START MATERIAL FOR THIS EXERCISE
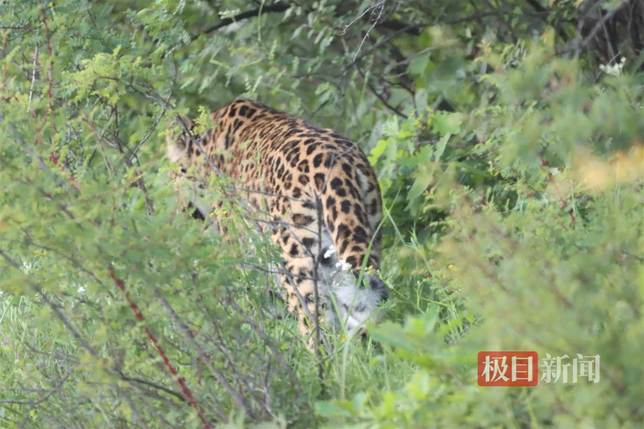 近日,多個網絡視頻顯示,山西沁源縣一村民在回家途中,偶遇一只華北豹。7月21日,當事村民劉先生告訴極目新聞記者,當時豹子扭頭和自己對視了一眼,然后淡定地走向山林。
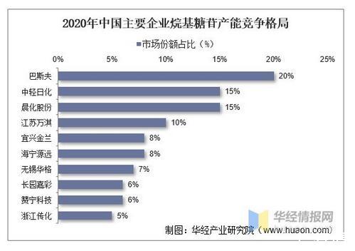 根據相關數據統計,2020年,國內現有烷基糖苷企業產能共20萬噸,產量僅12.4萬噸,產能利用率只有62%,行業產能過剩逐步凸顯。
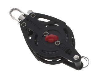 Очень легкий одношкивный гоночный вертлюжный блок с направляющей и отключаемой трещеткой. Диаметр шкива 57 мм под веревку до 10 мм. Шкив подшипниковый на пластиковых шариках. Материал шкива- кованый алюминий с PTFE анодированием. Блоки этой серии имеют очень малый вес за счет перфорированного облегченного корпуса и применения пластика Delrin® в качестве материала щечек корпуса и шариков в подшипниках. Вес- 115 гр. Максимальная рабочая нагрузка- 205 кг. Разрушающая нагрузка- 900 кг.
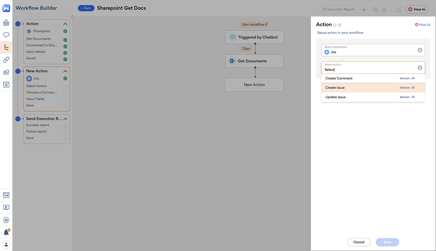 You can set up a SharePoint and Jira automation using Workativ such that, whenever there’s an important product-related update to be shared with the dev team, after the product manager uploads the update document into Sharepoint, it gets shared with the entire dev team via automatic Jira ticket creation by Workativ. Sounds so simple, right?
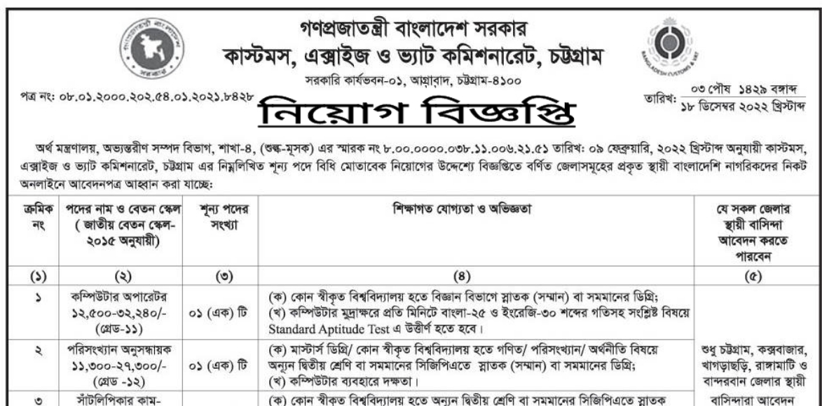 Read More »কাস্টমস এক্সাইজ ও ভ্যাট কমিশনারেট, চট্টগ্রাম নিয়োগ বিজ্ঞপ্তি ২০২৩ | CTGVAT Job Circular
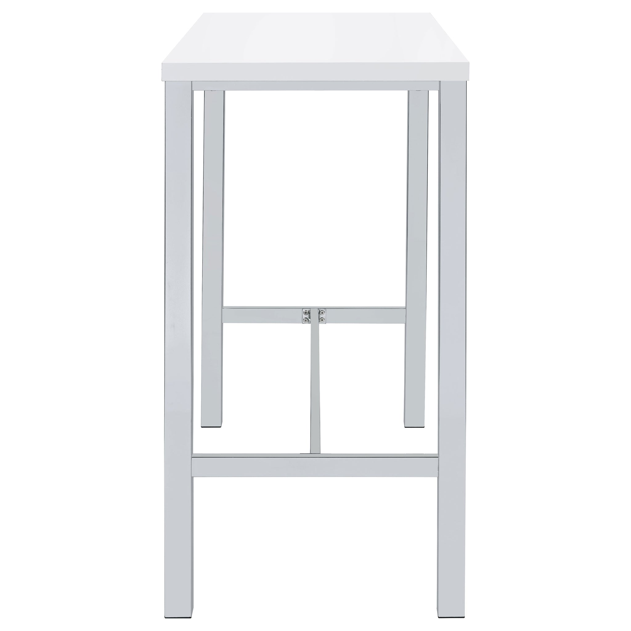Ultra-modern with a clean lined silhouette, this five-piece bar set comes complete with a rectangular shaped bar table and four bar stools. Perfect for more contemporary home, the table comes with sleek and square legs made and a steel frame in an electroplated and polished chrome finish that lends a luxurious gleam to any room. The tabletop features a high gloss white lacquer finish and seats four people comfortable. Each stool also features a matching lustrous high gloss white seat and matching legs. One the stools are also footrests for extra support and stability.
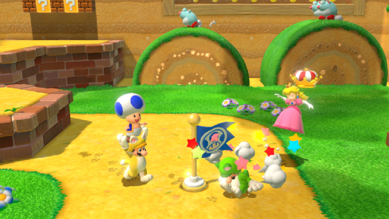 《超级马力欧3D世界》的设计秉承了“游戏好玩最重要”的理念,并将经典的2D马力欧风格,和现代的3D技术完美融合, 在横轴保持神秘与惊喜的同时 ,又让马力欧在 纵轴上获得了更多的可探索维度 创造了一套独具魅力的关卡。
END MATERIAL FOR THIS EXERCISE
START MATERIAL FOR THIS EXERCISE
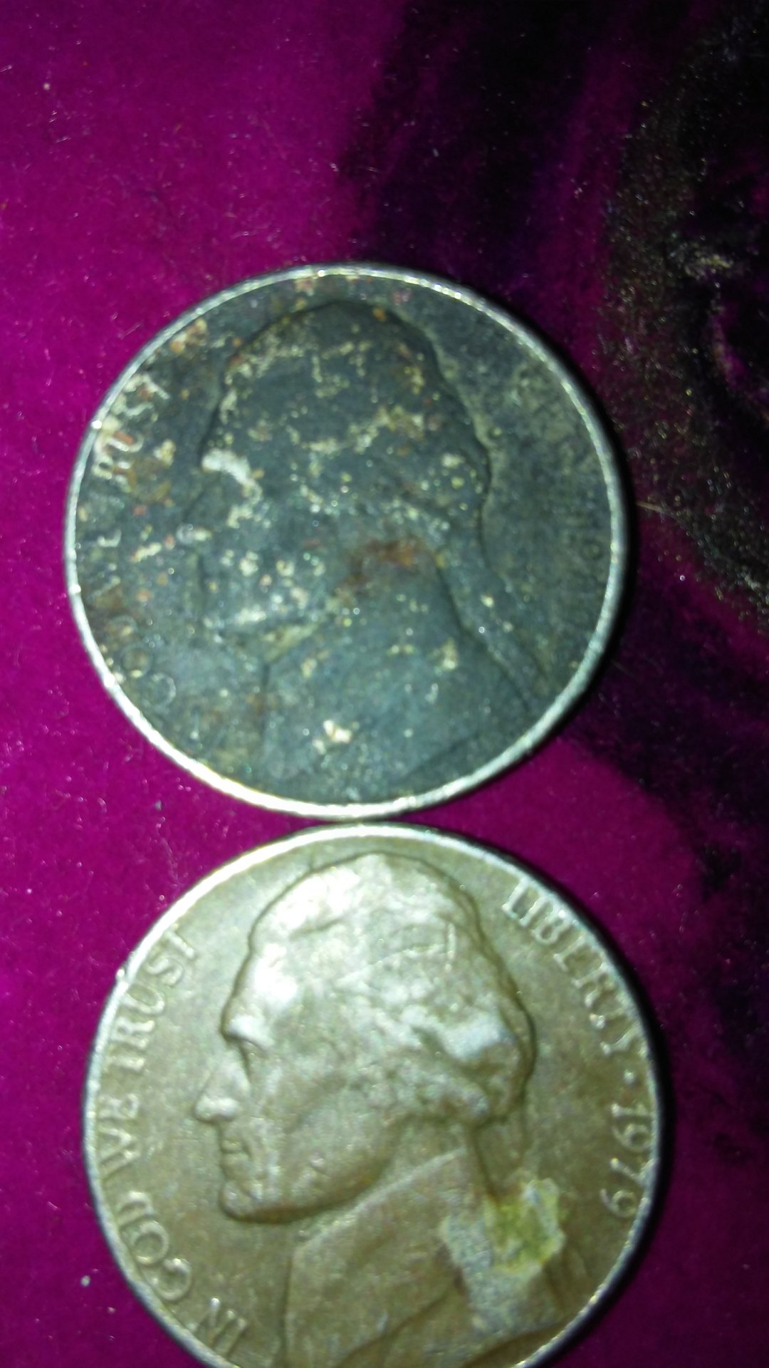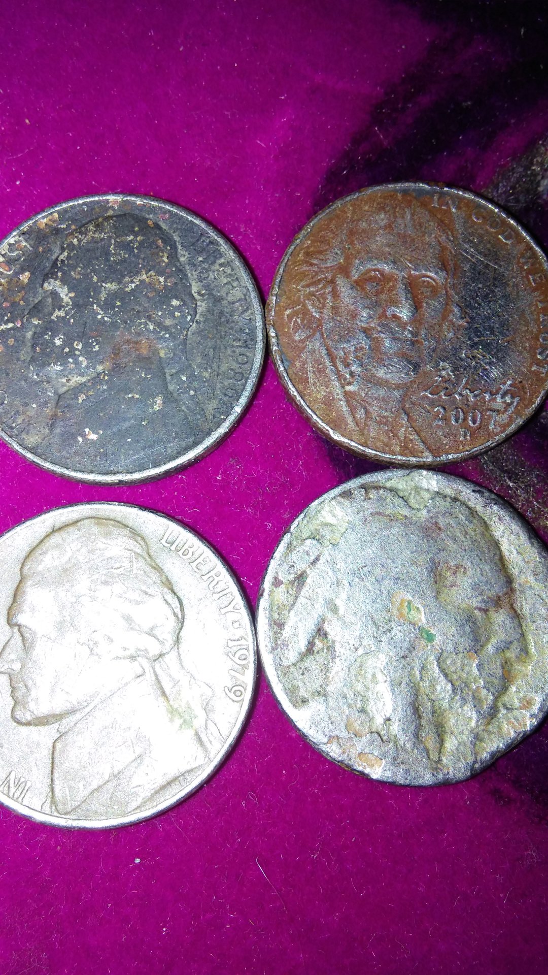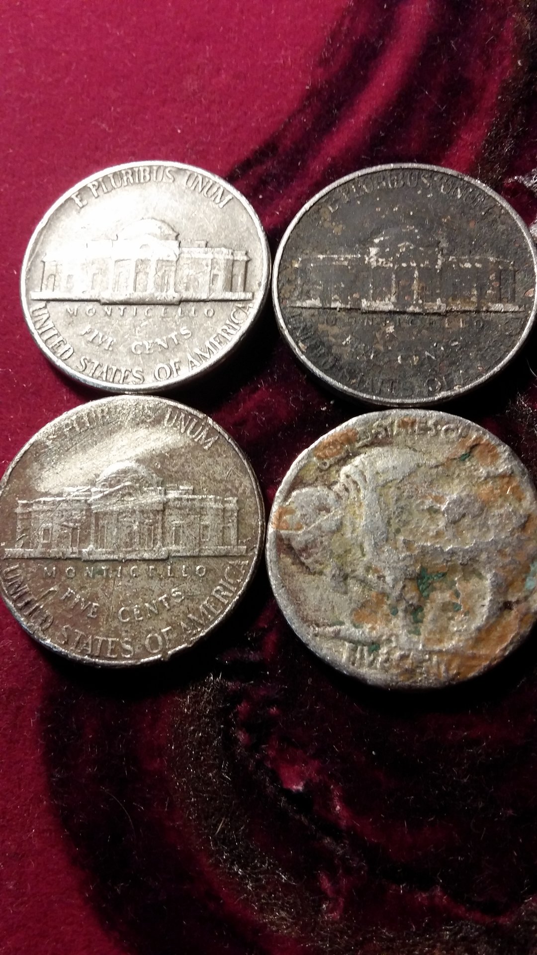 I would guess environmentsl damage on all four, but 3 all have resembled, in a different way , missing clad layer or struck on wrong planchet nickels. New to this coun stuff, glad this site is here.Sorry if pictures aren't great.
END MATERIAL FOR THIS EXERCISE
YOUR GOAL: Using the records above, print exactly the run of lines that starts with the line with "近日,多個網絡視頻顯示,山西" and goes on through the line with "根據相關數據統計,2020年", pictures excluded.

RESULT OF THIS TASK:
 近日,多個網絡視頻顯示,山西沁源縣一村民在回家途中,偶遇一只華北豹。7月21日,當事村民劉先生告訴極目新聞記者,當時豹子扭頭和自己對視了一眼,然后淡定地走向山林。
 根據相關數據統計,2020年,國內現有烷基糖苷企業產能共20萬噸,產量僅12.4萬噸,產能利用率只有62%,行業產能過剩逐步凸顯。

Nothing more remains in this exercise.